Will the Supreme Court put a stake through the heart of gun control?
The irony is rich. Old Joe Biden, floundering in the polls and needing a distraction, seized on the recent mass shootings to launch a gun control push. Many conservatives are panicked by his talk of an "assault weapons" ban, whatever that means, and outlawing all 9mm ammunition.
Yet, without any compromise on badly needed school safety provisions, it is hard to see even modest federal gun restrictions going forward. In fact, the Republican proposal is starting to look like no more than what McConnell, and even Trump, was offering the Dems in 2019. Meanwhile, the constitutional conservatives on the Supreme Court are going to hand down another important decision on self-defense and the Second Amendment.
The looming SCOTUS decision everyone knows about is the expected overturning of Roe v. Wade in the Dobbs case. But also coming this June is the Bruen case, which should strike down the granddaddy of all American gun control laws: New York's 1911 Sullivan Act. Sullivan was a corrupt Tammany Hall politician, and there are many scholars who think Sullivan's motives in essentially disarming law-abiding citizens of their pistols was to make life easier for his many criminal compatriots.
The Sullivan Act is a discretionary permit law, allowing the police arbitrary power to decide to whom they issue a pistol permit. In New York City, for example, it's often been easy to get one if you are wealthy or famous, like Robert De Niro. Yet ordinary people who live and work in dangerous neighborhoods are routinely denied gun permits, like the plaintiffs in Bruen.
When this case is decided, there will of course be the usual gnashing of teeth by the gun-grabbers, who will shriek about how the Second Amendment is not a personal right, and it's just for members of a state militia.
This argument was annihilated several years ago by Prof. Volokh in his 1996 article "The Commonplace Second Amendment," where he shows that the Second Amendment enshrines a right of the people individually: "Early Kentucky, Massachusetts, North Carolina, Pennsylvania, and Vermont Bills of Rights speak of 'the right of the people to bear arms.' Since these provisions secure rights against the state governments, they must recognize a right belonging to someone other than the state or entities whose membership is defined by the state — this likewise suggests that 'the right of the people to bear arms' refers to a right of individuals."

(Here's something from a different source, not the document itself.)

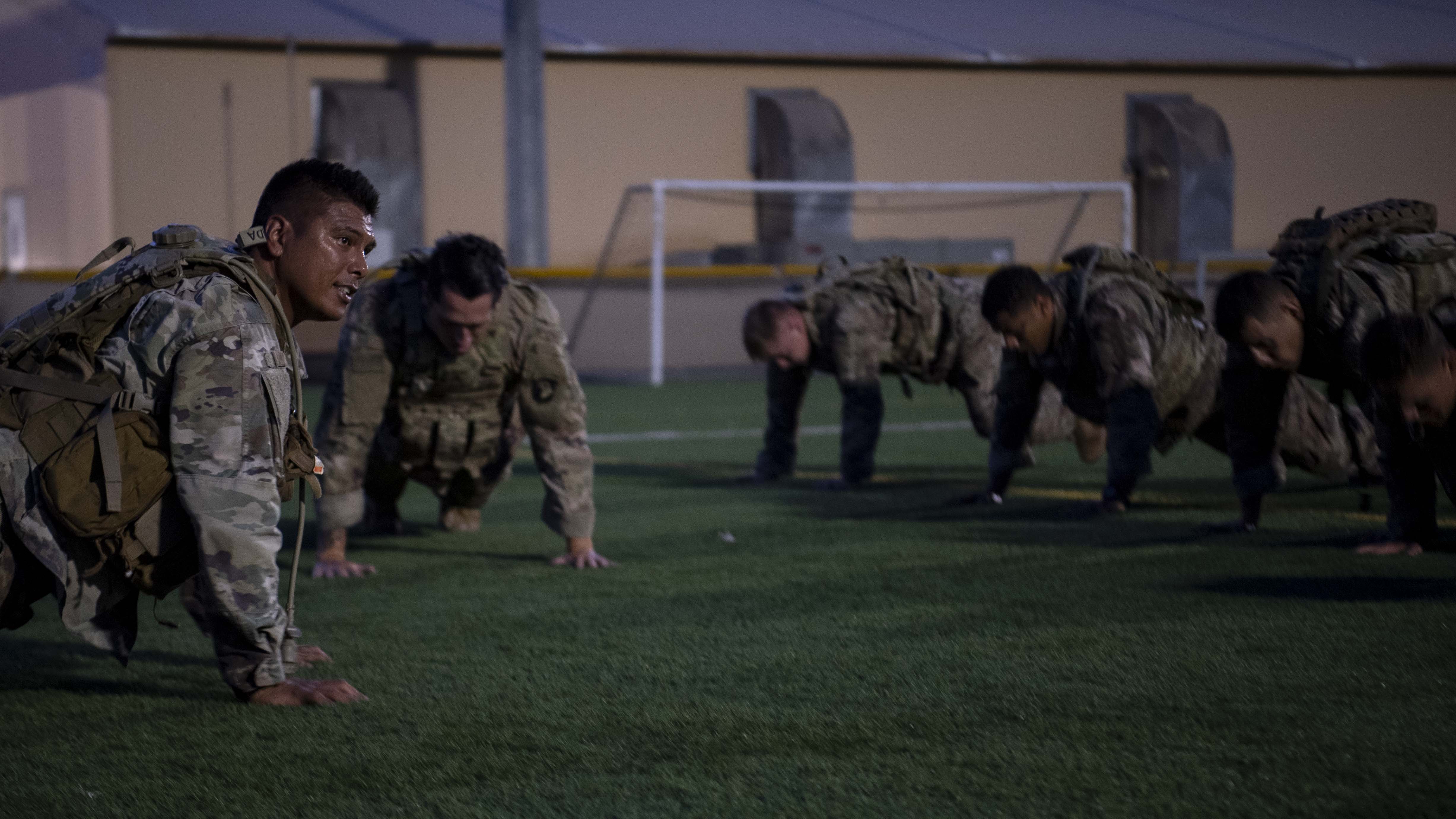A U.S. Army Soldier from the 101st Division, 2nd Battalion, 506th Infantry Regiment, East African Response Force (EARF), leads his platoon in eight-count pushups during the EARF’s best platoon competition at Camp Lemonnier, Djibouti, Oct. 25, 2019. During the competition Soldiers completed a two-mile run, 25 meters of lunges, burpee long jumps and high crawls before finishing with 10 eight-count push-ups. (U.S. Air Force photo by Staff Sgt. J.D. Strong II)

The Kentucky state constitutional language, written just a year after the U.S. Bill of Rights, by men who were friends and colleagues of Madison and the other Virginia framers, is particularly on point: "[t]he rights of the citizens to bear arms in defense of themselves and the State shall not be questioned."

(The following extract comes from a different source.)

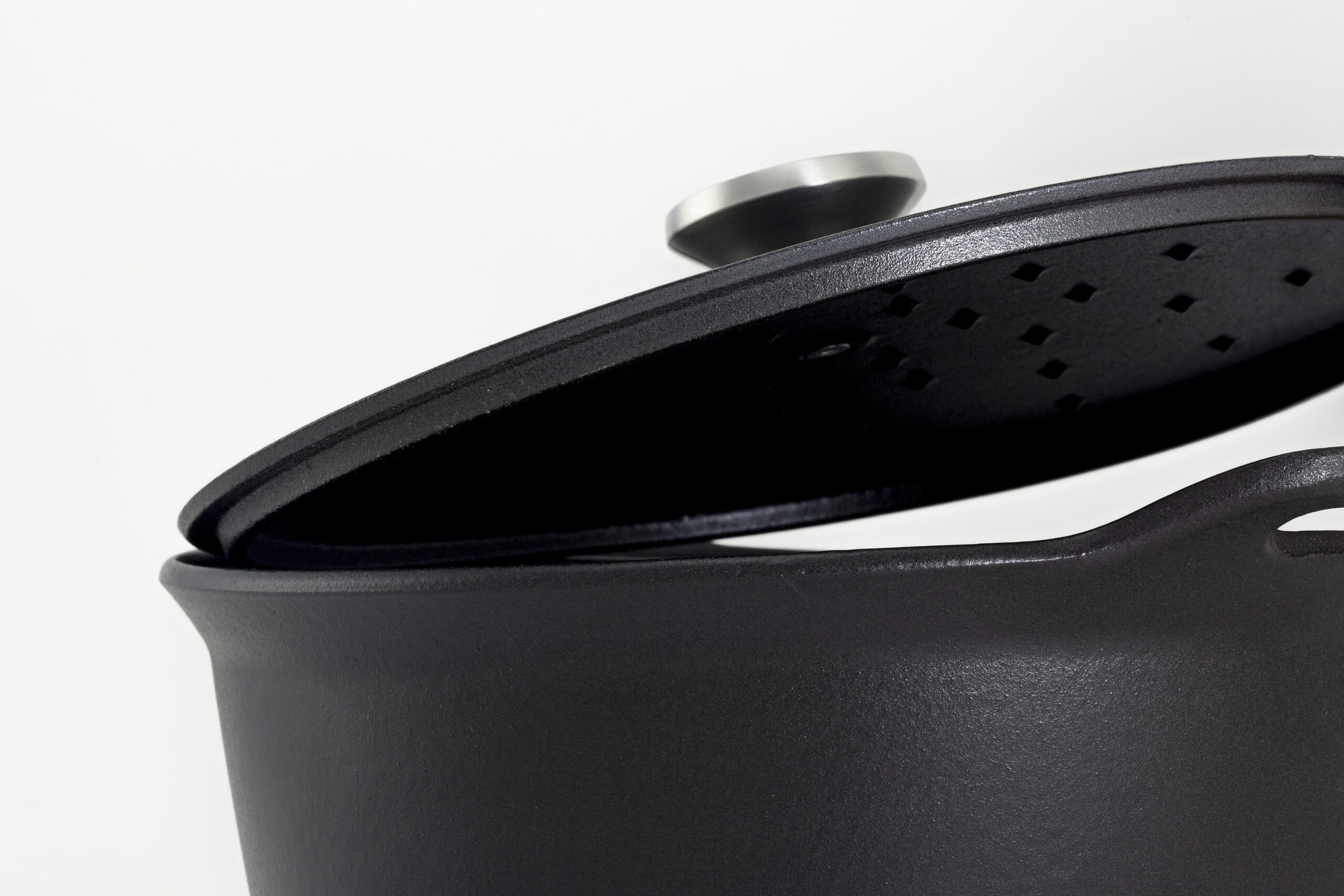 Aunque obviamente hay avances sobre el hierro viejuno. Además de la estética colorista, uno importante es la calidad de los esmaltados del interior de los cacharros. El esmalte cerámico es un gran conductor de calor, y garantiza la protección del hierro fundido ante el óxido o la corrosión. Asimismo, la cerámica evita que los alimentos absorban ningún tipo de sabor metálico y es antiadherente. Eso lo ofrecen todas las cocottes de las marcas premium, pero la firma cántabro-estadounidense ha patentado algo útil para que no rebosen los líquidos manchando la encimera: el sistema de giro Helix Dripless Lid o «tapadera en hélice sin goteo”. Estas tapas especiales evitan la costumbre de dejar medio abierta una cazuelaal cocinar: con un simple giro de la tapa, la cazuela queda semiabierta dejando escapar parte del vapor y la temperatura. Otra cosa interesante es que el interior de las gruesas tapas está cubierto por puntos de distribución de la condensación que retienen los jugos que se evaporan al cocinar y estos gotean sobre los alimentos, regándolos con su propio esencia para una cocción que resulte perfecta y sabrosa.

Furthermore, the "militia clauses" of the original U.S. Constitution give the Congress extensive powers over the organization and training of the state militias. If the Second Amendment was somehow intended by such oblique phrases to then modify this power of Congress, it is all but impossible to see how.
The real meaning of a "well regulated" militia, as used by 18th-century Americans, means much more than just a well trained and equipped military force. It is a political concept that assumes an armed populace as an integral part of society and good government. Both American and English patriots were deep admirers of the Swiss model of militia. Diplomat Abraham Stanyan even wrote in 1714 that the "Swiss have a ... well regulated Militia ... that may overturn a Government at Pleasure."
After Bruen, I don't expect the people of New York and other high-crime blue states to literally overturn their governments. But they could work a quiet revolution of sorts. Law-abiding citizens would finally be able to readily defend themselves from the predators who lurk about their streets. Ordinary people in big cities could take charge of their own safety and that of their neighborhoods by carrying licensed firearms. A real sense of civic pride and responsibility could form, where today there is none.
That seems like a much more effective way to protect society from its worst elements than BLM folks and their solution for violent crime: call 911 to summon a squad car full of social workers.
Frank Friday is an attorney in Louisville, Ky.